2.1. Materials and Methods
The present investigation was done at two locations of CSIR-Central Institute of Medicinal and Aromatic Plants, Lucknow, and one location of CSIR-CIMAP research center Pantnagar, Uttarakhand. The genotypes were grown at two different agroclimatic conditions and three different soil conditions for three consecutive years (2015-2016, 2016-2017, and 2017-2018) in a completely RBD, replicated thrice having row length 3m each and plant to plant distance of 50cm. The first experimental site CSIR-CIMAP, Lucknow, Uttar Pradesh located at 26.5°N latitude and 80.50°E longitude, and 120m above mean sea level having climate semiarid to subtropical. The soil condition was loamy soil (pH 6-7) and sandy loam soil (pH ranges from 5.8-6.0). Another experimental location was situated at the research farm of CSIR-CIMAP, Pantnagar, Uttarakhand at coordinates 29°N, 79.38°E, an altitude of 243.84m in the foothills of Himalaya in North India with a sub-tropical and humid climate. The soil condition was clay loam (pH 7.1). The duration of monsoon started from the middle of June to September. At both locations, crops were harvested after 10 months of planting.The planting materials for the present investigation were collected from different states/place of India comprised a total of 17 genotypes/accessions of Curcuma longa L. of diverse origins such as CSIR-CIMAP Gene Bank (13), Narendra Dev University (2), Pantnagar (1) and Assam (1) (Table 1).

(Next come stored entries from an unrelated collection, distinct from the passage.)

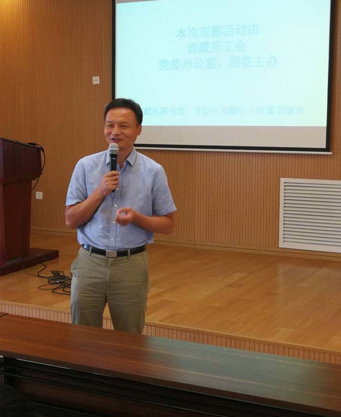 董伟锋书记致辞 在观影活动结束后,影片总导演曾海若先生亲临现场,与大家一起分享影片拍摄的背景、期间众多经历以及未来的一些拍摄想法。参会科研人员从各自角度与导演直接“对话”,提出了在将来的影片拍摄中进一步增加自然科学元素、扩大公众科普认知度、提高拍摄手段等想法。会后,曾海若先生与部分一线科研人员围绕第二次青藏高原综合考察活动中的视频拍摄及科普宣传等进行了深入交流,双方均表达了一致的合作意向。
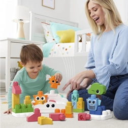 Ce set magique Mega Bloks Réveille-toi et Endors-toi favorise un endormissement apaisé et un réveil joyeux. Les enfants peuvent facilement basculer entre le bloc lune et le bloc soleil et découvrir des sons, des mélodies et des projections lumineuses qui rythment leur quotidien. Il inclut 4 figurines et un environnement riche à construire, développant l’imagination, la motricité fine et les rituels.
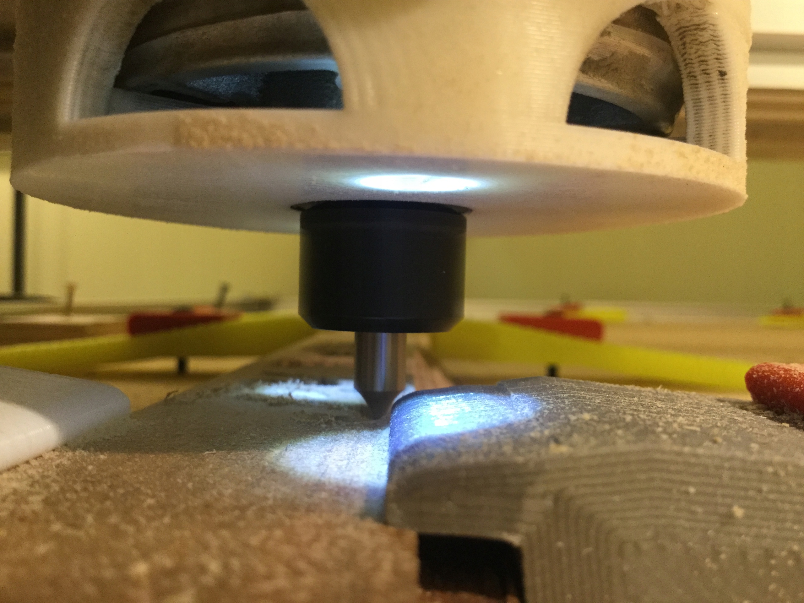 Зажим изготовлен из пластика, поэтому случайное вождение фрезой не вызывает искр и не представляет пожароопасности.
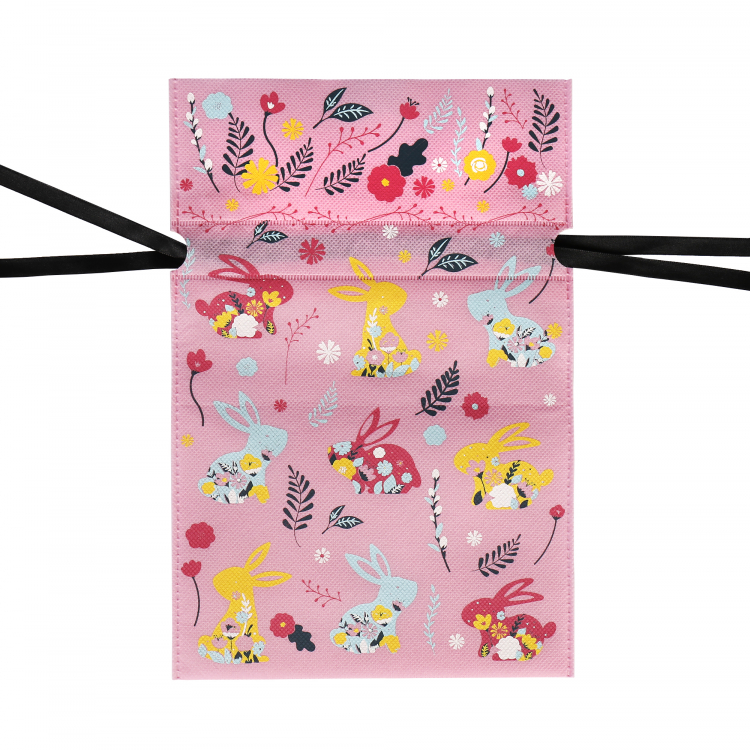 Velikonoce jsou svátky jara, kdy během příprav na Velikonoční pondělí pleteme pomlázky, barvíme vajíčka a těšíme se na koledování. Připravte nejmenším koledníkům velikonoční výslužku od zajíčka. Naplňte jim pytlík dobrotami, které mají rádi. Materiál: netkaná textilie Rozměry: 20 cm × 30 cm
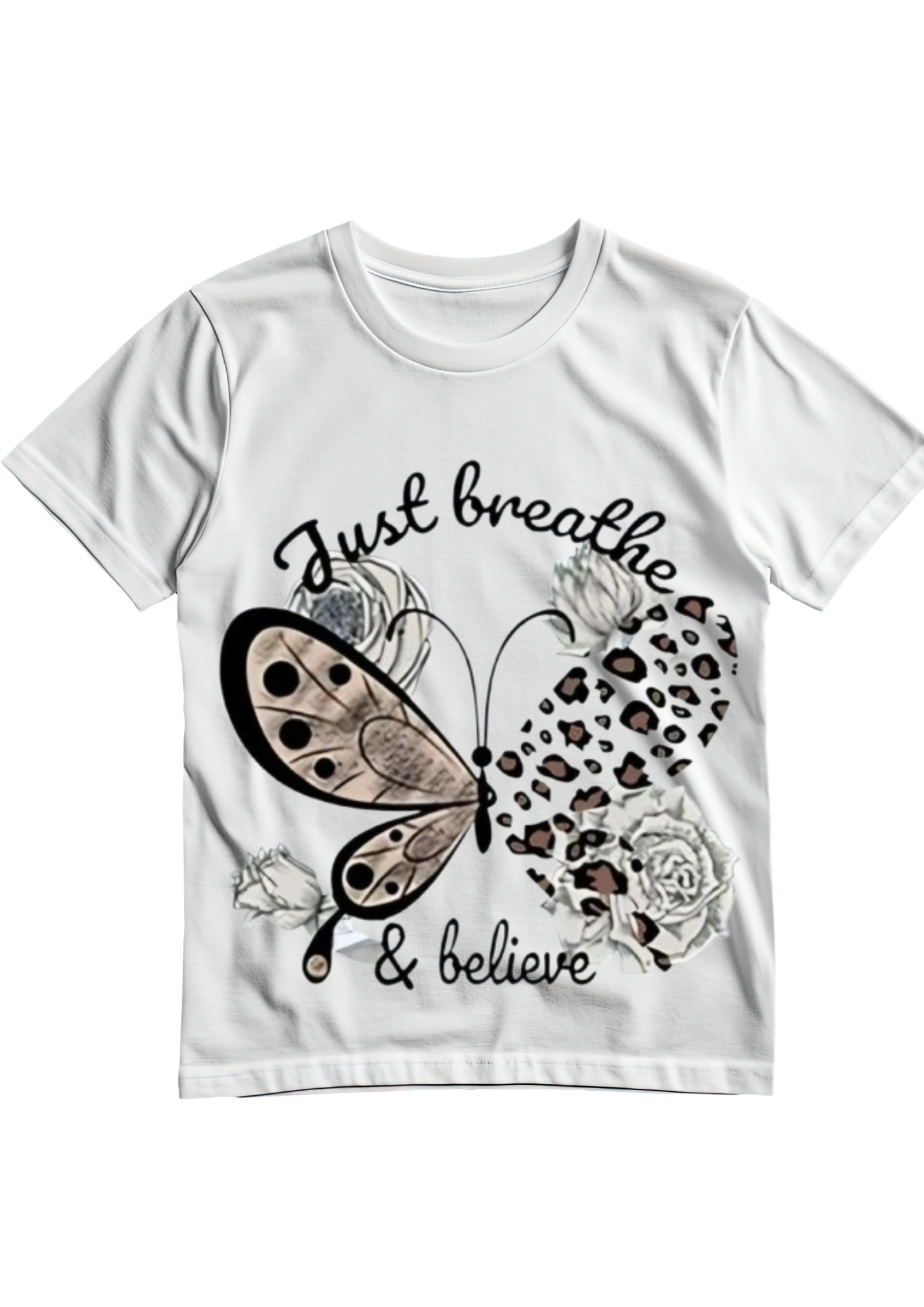 Elegant Butterfly & Flower Girl T-Shirt – Feminine Aesthetic Graphic Tee for Women
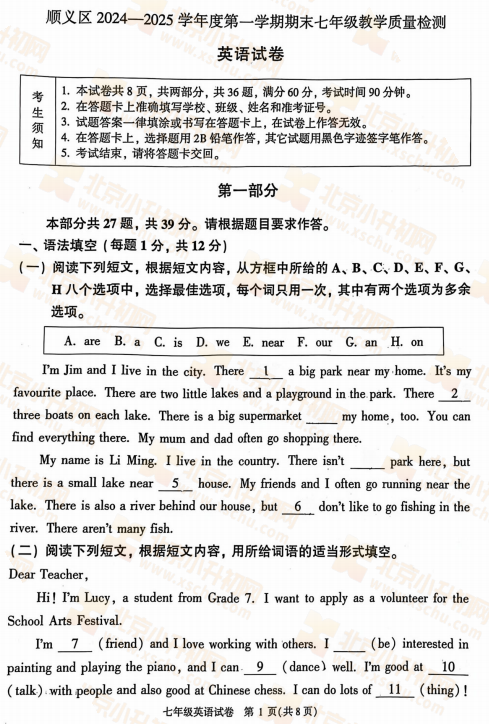 2025-2026学年(上)顺义初一期末英语试卷及答案预计在2026年1月出炉!家长可先下载去年期末试题,练习提升!新试卷公布后将更新在本页面,建议(Ctrl+D)收藏本页面!
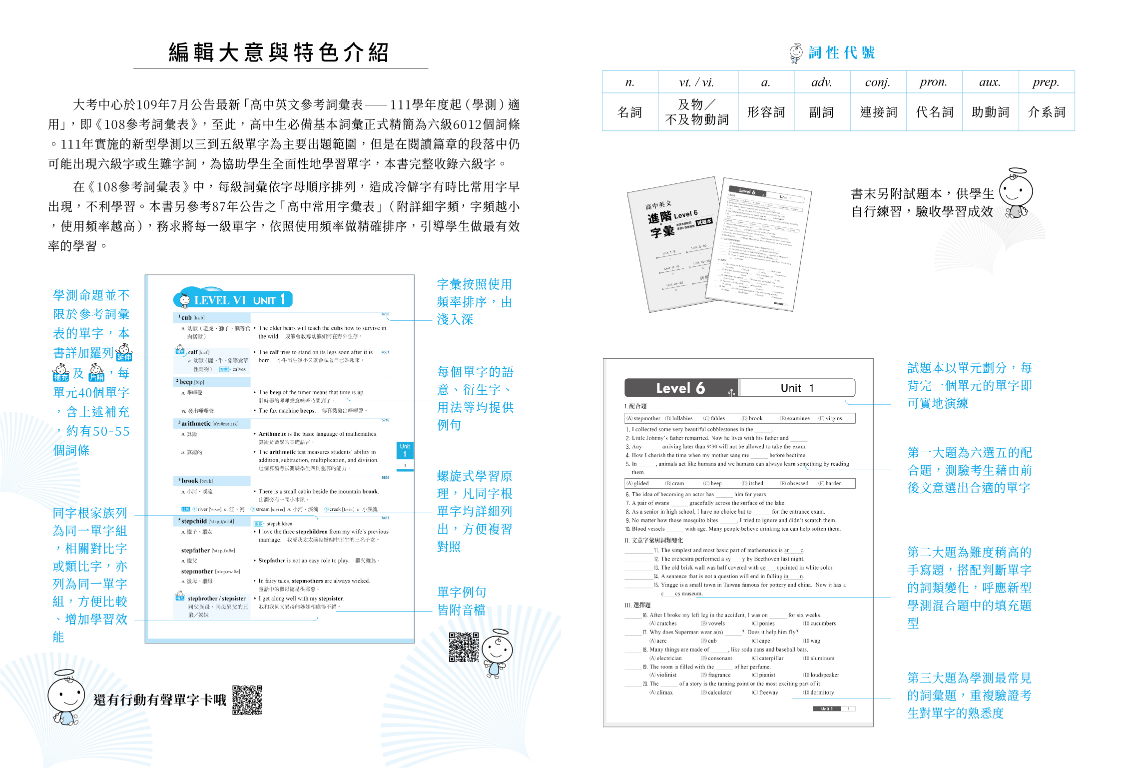但是在閱讀篇章的段落中仍可能出現六級字或生難字詞,為協助學生全面性地學習單字,本書完整收錄六級字。
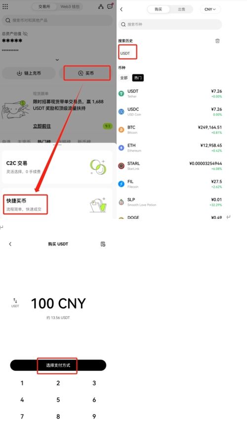 先点击【买币】按钮,有两种购买方式,新手直接点击“快捷买币”,购买的品种是USDT。
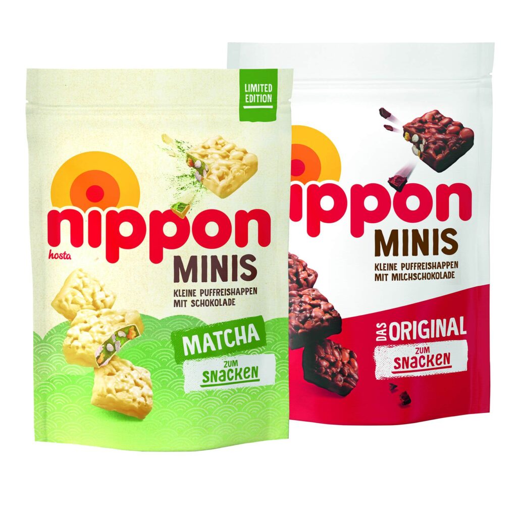 Was 2025 noch in ausgewählten Verkaufsstellen getestet wurde, das soll nun dauerhaft in die Handelsregale kommen: Nippon Minis Original von Hosta. Gleichzeitig will das Unternehmen ab Mai 2026 den Snack-Trend um die Limited Edition Nippon Minis Matcha ergänzen. Die mit Schokolade überzogenen Puffreishappen werden in OPP-Standbodenbeuteln im Kupfertiefdruck bedruckt angeboten, gestaltet von der Münchner Agentur Friedl Hampen.
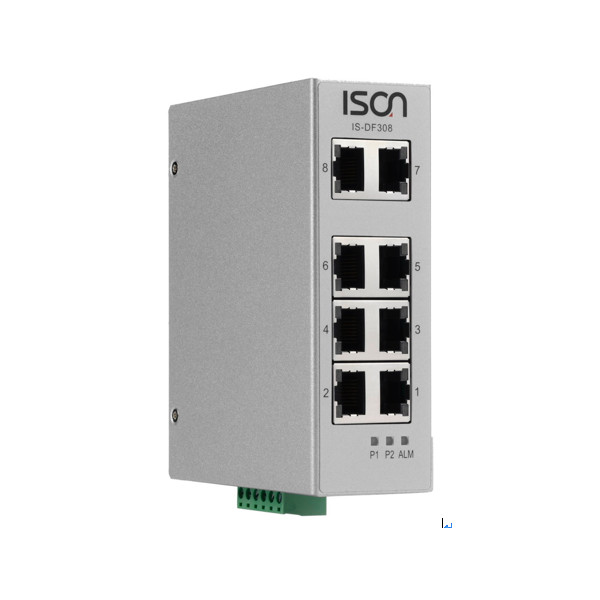 Industrial Din-Rail Unmanaged Fast Ethernet Layer 2 Switch with 8x 100 Base-T RJ45 Ports with 2kV, Relay Output Alarm, 12...58V DC-in Redundant Power Input, -40...+70C Operating Temperature
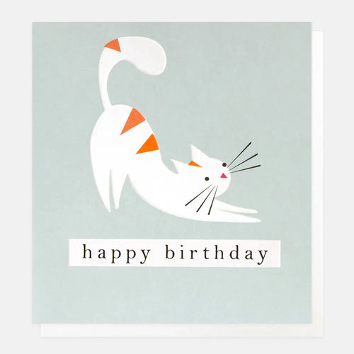 Happy Birthday Stripey Stretching Cat On Blue
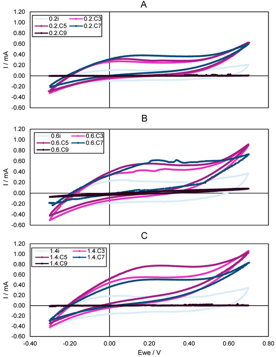 CV comparison for different cycles: (A) 0.2 mm PLA-ED electrode, (B) 0.6 mm PLA-ED electrode and (C) 1.4 mm PLA-ED electrode.
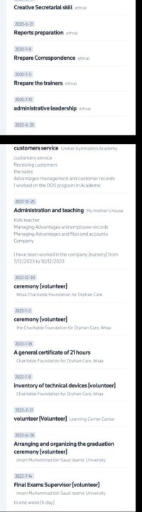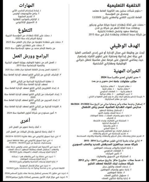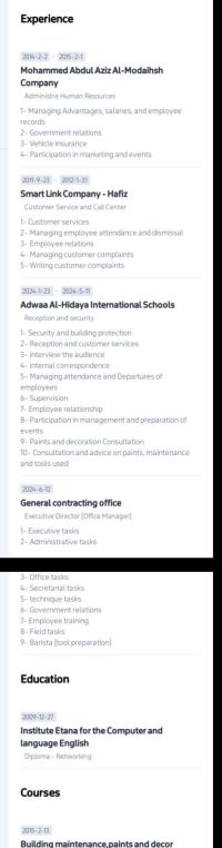 ابحث عن عمل مكتبي حضور أو عن بعد أو كلاهما والوظيفة تكون باللغة العربية فقط وفي شمال مدينة الرياض لدي الجنسية السعودية والعمل باليوم أو بالساعة الراتب استلمه بنفس الوقت واليوم (كل ساعة بوقتها) أو دوام جزئي (كل بداية أسبوع) قوله (أعطوا الأجير أجرة قبل أن يجف عرقة) ورجاء فقط الجهات المهتمة بتعييني وتوظيفي من يتواصلوا معي والدوام يكون من الصباح ل العصر ليس لدي أي اهتمام بأي وظيفة دوامها بعد العصر ينتهي
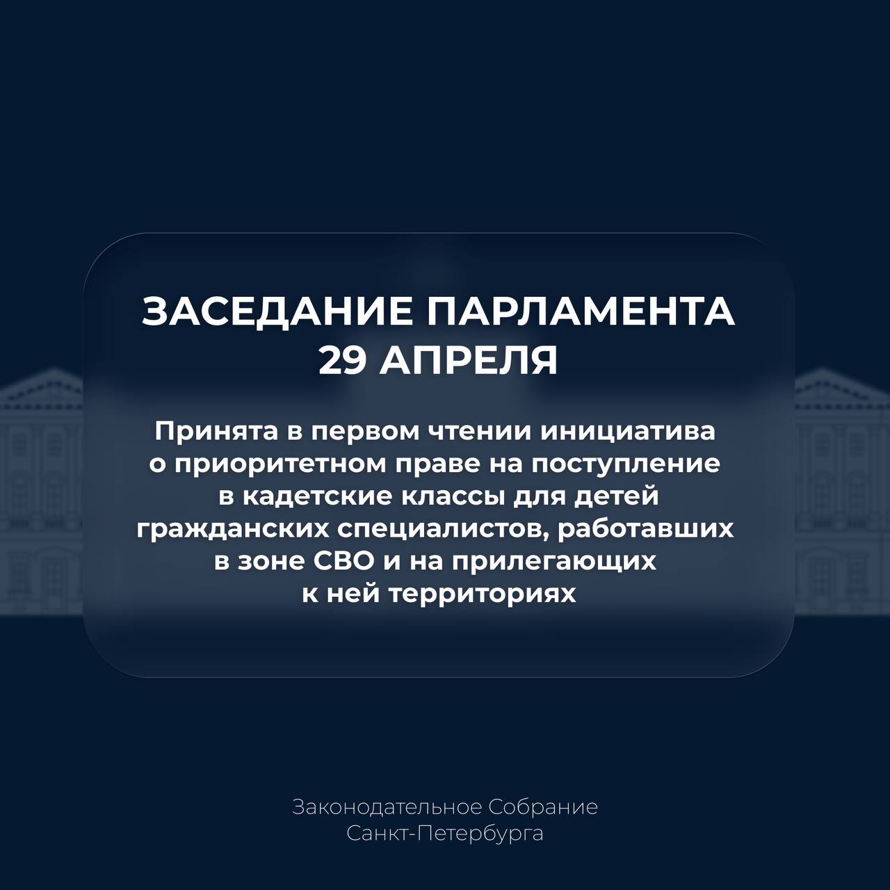 Парламент принял в первом чтении инициативу о приоритетном праве на поступление в кадетские классы для детей гражданских специалистов, работавших в зоне СВО и на прилегающих к ней территориях.
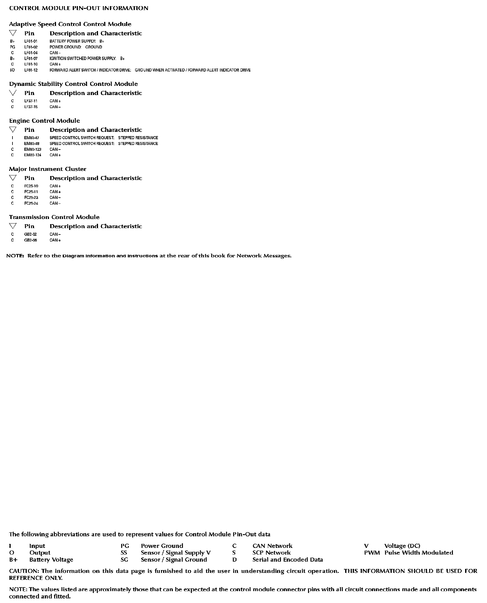 Connector Views: The connector views/pin-outs for the Control Modules depicted within these diagrams can be found at the vehicle level connector views. Connector Views
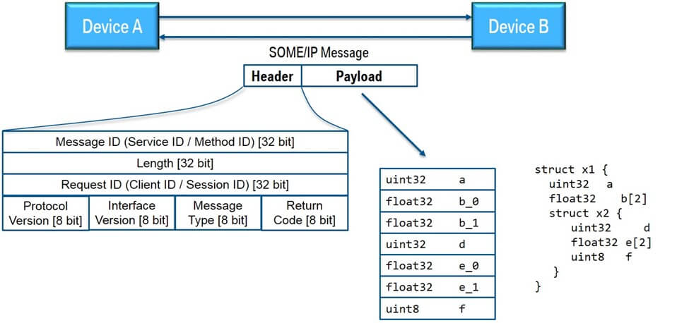 首先SOME/IP的数据包分为Header和Payload两部分,而这两部分当作一个整体,作为TCP/UDP的Payload通过IP进行传输。如图所示,两个设备(A和B)之间通过SOME/IP协议进行通信:设备A向设备B发送一条SOME/IP消息,并接收一条回复消息。底层传输协议可采用TCP或UDP,这对消息本身没有影响。在此场景中,设备B运行着某项服务,设备A通过发送消息调用该服务功能,而返回消息即为服务响应。
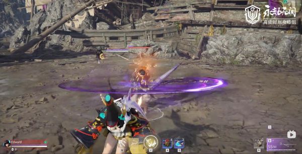 后续出现左键连按提醒,原理类似自身的F小技能,左键按下甩出紫刃,再次按下瞬移至紫刃出并使出下一跳斩。
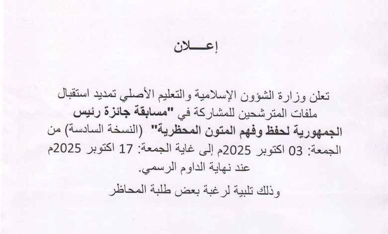 وأكدت الوزارة أن قرار التمديد جاء استجابة لرغبة عدد من طلبة المحاظر، الراغبين في المشاركة في هذه المسابقة الوطنية التي تهدف إلى تشجيع طلبة المحاظر على التعمق في حفظ المتون وفهمها.

The data were recorded for thirteen economic traits on five randomly selected representative plants per row per replications, namely length of leaves = LL; width of leaves = WL; length of petiole = LP; length of rhizome = LRz; rhizome dry weight = RzDW; rhizome fresh weight = RzFW; germination days = GD; days to leaves emergence = DLE; number of leaves = NL; stipulated tuber length = STL; height of plant = HP; rhizome thickness = RzT; stipulated tuber thickness = STT; rhizome yield = RzY.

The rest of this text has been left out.